Взбешенная Марфа хлопнула дверью и ушла. Я еще подождал в прихожей, как пришибленная собачонка, с тоскою и недоверием прислушиваясь к шумам в коридоре: вот сейчас лязгнет дверь лифта, победно простучат каблуки, раздастся всполошливое курлыканье квартирного звонка... Я распахну дверь, ушибая пальцы о хитрые английские замки, и вот Марфинька на пороге... Ее тревожные бегающие глаза, пухлые дудочкой губы, уже напившиеся нектару. Но увы: мертвая тишина установилась на этаже, будто только что проводили на погост покойника. Я опустился на стул, положил на колени телефон и стал караулить вестей; в моей душе выли беспризорные псы. Марфа позвонила около полуночи и поставила в известность, что вернется только в середине следующего дня. Я неприступно ответил, что если тебе лучше с другим, то забудь меня навсегда. Лег на диван и, уставившись в потолок, стал ждать утра. Через час Марфа позвонила снова.
– Эй ты, упырь! – закричала она истерически в трубку, с каким-то лешачьим хихиканьем, словно ее щекотали за пятки. – Вот как трахаться-то надо! Послушай, дурак!.. Лева, Левушка, наддай, любимый... Сладенький ты мой! О-о-о! – Марфа завыла, словно подключенная к проводам высокого напряжения, заиграла горлом с переливами, как на свирели, перебивая стоны отборным матом. Я бросил трубку, выдернул шнур из розетки.
Стерва, провинциальная актрисуля, пакостная уличная девка, исчадие адово... Ну, пусть сыграла сценку и ничего такого, предположим, и не было; но зачем так издеваться над ближним, унижать, вить из него веревки, стегать по нервам, словно они железные...
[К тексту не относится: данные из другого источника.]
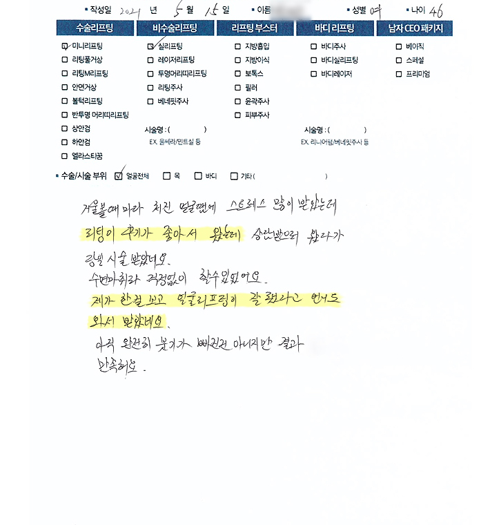 얼굴전체수술리프팅,비수술 리프팅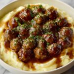 This classic Salisbury meatballs and mashed potatoes recipe features juicy, flavorful beef meatballs simmered in a rich onion and Worcestershire gravy, served alongside creamy, buttery mashed potatoes. Perfect for a comforting family dinner, these meatballs balance savory spices and a smooth, velvety sauce paired with fluffy potatoes for the ultimate hearty meal.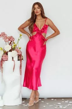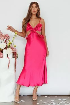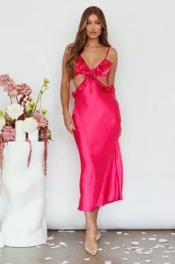 This dress needs a moment, please! We are head over heels for our Stole My Heart maxi dress. Featuring the sweetest, frill trim detail and a cut-out waist. It’s perfect for a special birthday celebration! Team it with perspex heels and a clutch and get ready for jaws to drop.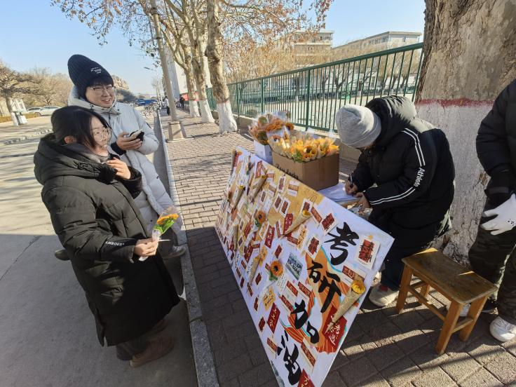 12月17日,在全国硕士研究生招生考试来临前夕,太阳集团tyc138举办“一‘研’为定、一举夺魁”考研加油活动,为百余名紧张备考的学子送上暖心祝福与奋进力量,助力他们从容赴考。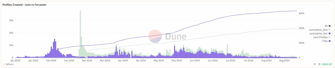 而另一边 Web3 社交领域的龙头项目 Farcaster 近期同样遭遇了用户增长与平台活跃度的双重困境。Farcaster 在年中时候每日发帖数和互动数一度在 14 万以上,这一良好势头在近一个月内出现了显著放缓,DAU 滑落至大约 10 万的水平,标志着 Farcaster 增长动能的减弱。

Уж нет, фигушки!.. С другим постель я делить не стану. Может, в пару к любовнику лучше подойдет этот фрукт Фарафонов, будет подносить в постель напитки и расстилать свежие простыни?..
А через день из глубины московских недр дал знать о себе Фарафонов. Глухо, задушевно проворковал, словно назначал секретную встречу:
– Старичок, лечу к тебе... Сколько взять пузырей?
– Нет-нет! – закричал я в трубку, ненавидя Фарафонова лишь за то, что он живет на белом свете.
– Ну почему же, Павел Петрович?..
– Потому что нет... Долго объяснять...
– Прости, старичок. Кажется, ты хром не ногами, а головкой. У тебя с головкой бо-бо, не все в порядке. Ты чего пристал к Марысе, старый хрыч? Баба – золото, я поднес тебе на блюдечке с голубой каемочкой от всей души. Царский подарок от древнего Алтая, а ты на него нас... Жаль, Ельцин скинул тогда с теплохода верблюда носатого, а не тебя, хромого черта. Пошел бы топориком на дно и ничью бы жизнь больше не калечил.
Я слушал, не перебивая, козлиный тенорок с частыми покашливаниями, хотя сердце так заклинивало от горя, что ладони вспотели и тряслись коленки. Хорошо, если бы сейчас случился со мною удар – и все разом бы кончилось...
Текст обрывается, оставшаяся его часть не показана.